In a BBC interview in December 2012 Thomas Riber Knudsen, the Asia head of Maersk Line, said that the shipping industry suffers enormously from the fact that over the last few years it has only been able to generate a 1% or 2% return on its investment. “For an industry like ours this is simply not sustainable,” he told the BBC. In common with a number of major players in the industry, Maersk Shipping’s parent company, the Maersk Group, has made some very substantial investments over the last few years in E-class container ships, the largest of the current container ships. However, Maersk has no intention of making any further investments in its shipping arm for the foreseeable future, Knudsen says, citing the low return on investment and the fact that there are other businesses in the group that are able to generate a better return. There could hardly be a clearer indication of the predicament the sector is in.
History of the Container Market
The main drama, however, is being played out in the container market. Containers were the invention of the North Carolina entrepreneur Malcom McLean back in 1956. They have completely revolutionized the transport of goods and cargo worldwide, since containers make it very easy for many manufacturers to ship their specific products as part of a large, general shipment. When McLean invented the container, it cost almost US$6 a ton to hand-load cargo on to or off a ship. Using containers, that price comes down to US$0.16 (Wikipedia, “Malcom McLean”). The container was a huge step beyond the previous best “invention”—palleted goods in individually packaged and loaded, or “break bulk” cargoes.

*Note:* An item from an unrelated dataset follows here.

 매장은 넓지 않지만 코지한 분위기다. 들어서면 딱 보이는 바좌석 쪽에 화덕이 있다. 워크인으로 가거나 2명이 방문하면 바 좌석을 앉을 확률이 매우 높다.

The novel element in McLean’s approach was the idea of a sealed steel box that was never opened in transit, and which could be speedily loaded, unloaded, and transshipped, or switched from rail to ship to road freight. The transformation of the whole process of shipping goods around the world was immense. Instead of having to unload ships by hand (or, in more modern times, by cranes swinging pallets of goods onshore to be checked and then warehoused until they could be freighted out), containerized goods take very little time to shift from ship to shore, or vice versa, and there is no checking of goods because the containers are sealed.

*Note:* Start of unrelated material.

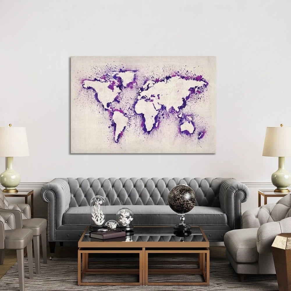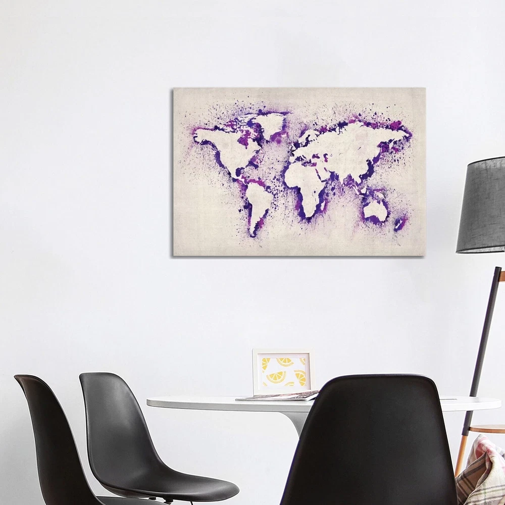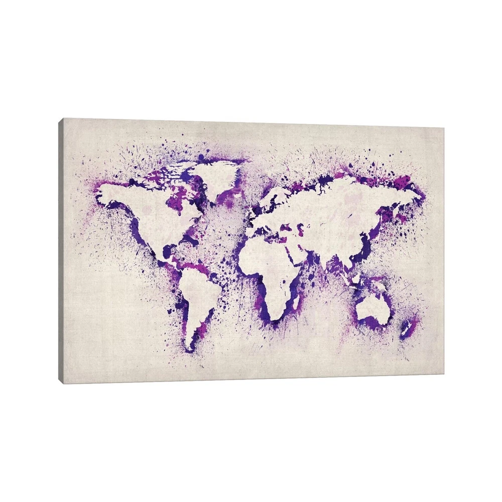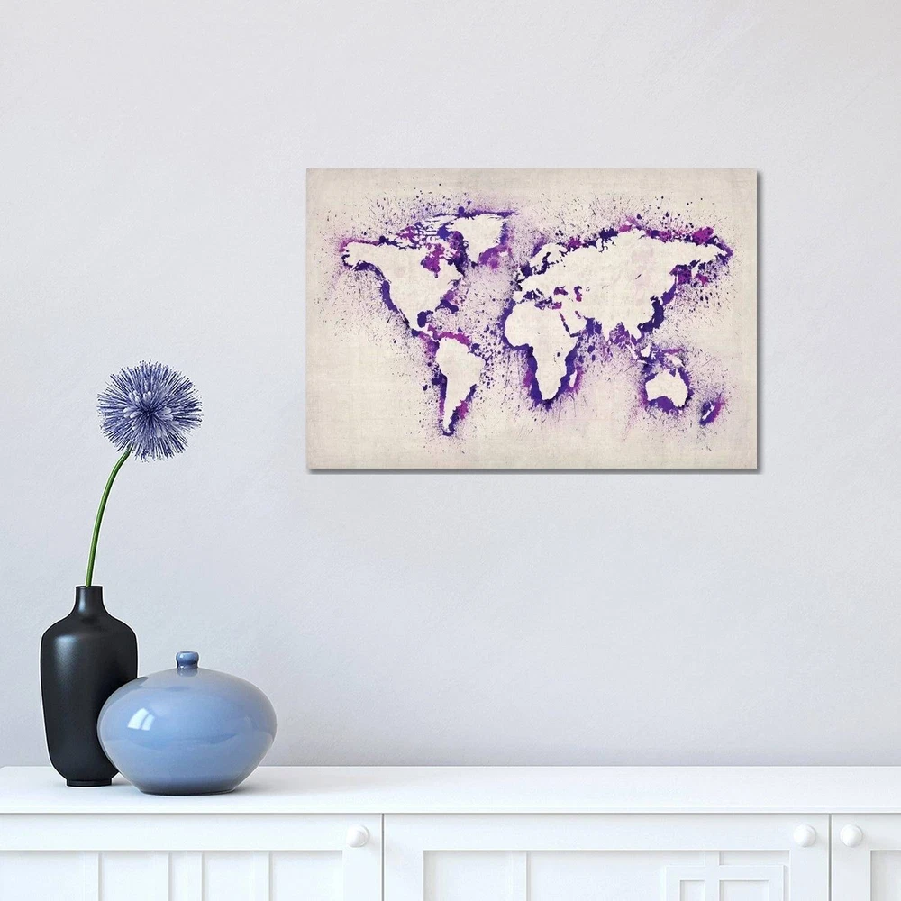 The artwork is crafted with 100-percent cotton artist-grade canvas, professionally hand-stretched and stapled over pine-wood bars in gallery wrap style - a method utilized by artists to present artwork in galleries. Fade-resistant archival inks guarantee perfect color reproduction that remains vibrant for decades even when exposed to strong light. Add brilliance in color and exceptional detail to your space with the contemporary and uncompromising style of iCanvasART. Artist:N/ATitle:Map Of The World (Purple) Paint Splashes by Michael Thompsett Canvas Print Wall ArtProduct Type: Gallery wrapped canvas artOuter dimensions:Small: 18X12x.75Medium: 26X18x.75Large: 40X26x.75NEW: Ready to be displayed right out of the box, including free Hanging Accessories and instructions for a quick & easy Free Shipping Over $49.99* Details iCanvas "Map of The World (Purple) Paint Splashes" by Michael Tompsett Canvas Product Description: The artwork is crafted with 100-percent cotton artist-grade canvas, professionally hand-stretched and stapled over pine-wood bars in gallery wrap style - a method utilized by artists to present artwork in galleries. Fade-resistant archival inks guarantee perfect color reproduction that remains vibrant for decades even when exposed to strong light. Add brilliance in color and exceptional detail to your space with the contemporary and uncompromising style of iCanvasART. Artist:N/A Title:Map Of The World (Purple) Paint Splashes by Michael Thompsett Canvas Print Wall Art Product TypeGallery wrapped canvas art Outer dimensions:Small18X12x.75Medium26X18x.75Large40X26x.75 NEWReady to be displayed right out of the box, including free Hanging Accessories and instructions for a quick & easy hanging process that achieves the best positioning results. Quality Wood BarsShrink-resistant wooden-bar frame with tensioning wedges that allow for tightening of the canvas from the reverse side. Dependent and FastProduced by the largest US canvas art supplier.

From there, the shipping industry slowly but surely moved in the direction of economies of scale. The fixed overhead costs associated with shipping a container come down when the number of containers being shipped goes up. When the world is booming, and the demand for container shipments is huge, this approach provides a fast route to superior profits. The largest of today’s container ships are some 400 meters in length and 55 meters wide. They can carry 13,000 containers, or 50% more containers than the biggest ships in 2003–2004.

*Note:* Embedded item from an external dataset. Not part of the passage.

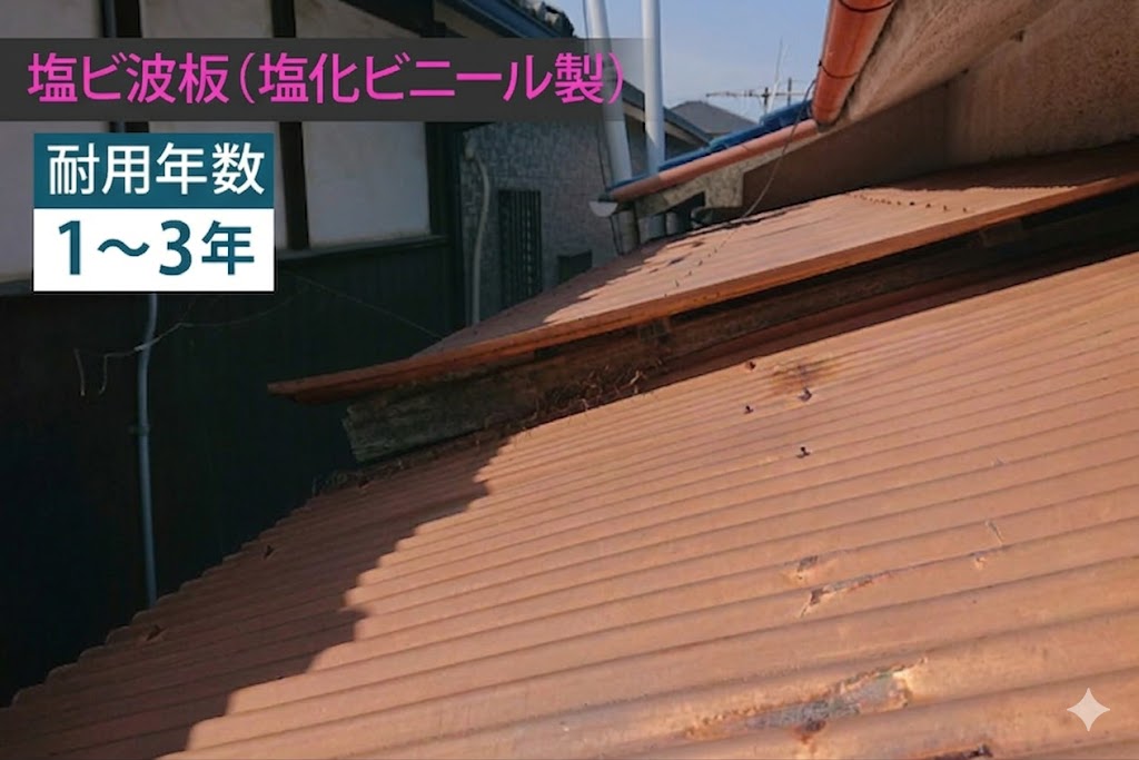 使用されていた屋根材は、昔ながらの「塩化ビニール(塩ビ)製」の波板です。
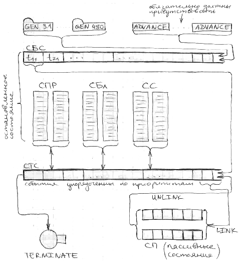 1. Список текущих событий. СТС, куда входят все события, запланированные на момент текущего времени не зависимо от того условные они или безусловные. Программа управления моделированием просматривает в первую очередь этот список и пытается переместить по модели те транзакты, для которых выполнены условия. Если в этом списке таких транзактов нет, то интерпретатор обращается к другому списку СПС перенося все события, которые запланированы на ближайший момент времени (время только модальное) из списка СПС и повторяет его просмотр. Такой перенос определяется так же в случае совпадения текущего времени моделирования со временем первого события в списке будущего события. В СПС транзакты размещены в порядке уменьшения приоритета. Транзакты с одинаковыми приоритетами размещаются в соответствии с последовательностью поступления в список. Каждый транзакт в списке может находиться или в активном состоянии и рассматривается интерпретатором в данный момент времени или в состоянии задержки.

On the positive side, the specialist liquefied natural gas (LNG) carrier section looks as if it is about to see real boom times. LNG is a cost-effective way of shipping natural gas, because when supercooled to liquid form the gas occupies 1/600th of its gaseous volume. Demand for LNG is expected to increase by 50% by 2030, according to a June 2013 briefing from the law firm, Jefferies. The sector had a false start at the height of the boom in early 2007, when investing in LNG tankers looked like an excellent idea. The world was hungry for gas as a cleaner alternative to oil, and a major global power production program based on newly built gas-generation power plants fueled demand for security of supply. However, by March 2010 there were reports that freight rates for transporting spot cargoes of LNG had dropped by at least 20% since December 2009. In a briefing note to clients, the Japanese broker Nomura warned that “the sustainability of very large crude carrier (VLCC) and chemical tanker rates looks less than clear, with vessel overhang risks remaining.”
Since then, however, the rising excitement over the extraction of natural gas from vast shale deposits in the United States and China has created a real buzz in the sector. Chinese shipyards are building LNG tankers in competition with established shipyards in Japan and South Korea. According to Reuters, freight rates for LNG are likely to be high but volatile right through 2014. Reuters reckons that the handful of shipyards that can build the highly specialized LNG ships have order books stretching right through 2014, with deliveries through 2015. New-build orders are being constrained by tight bank financing, though the cost of a new-build tanker has stayed steady for the last few years at US$200 million.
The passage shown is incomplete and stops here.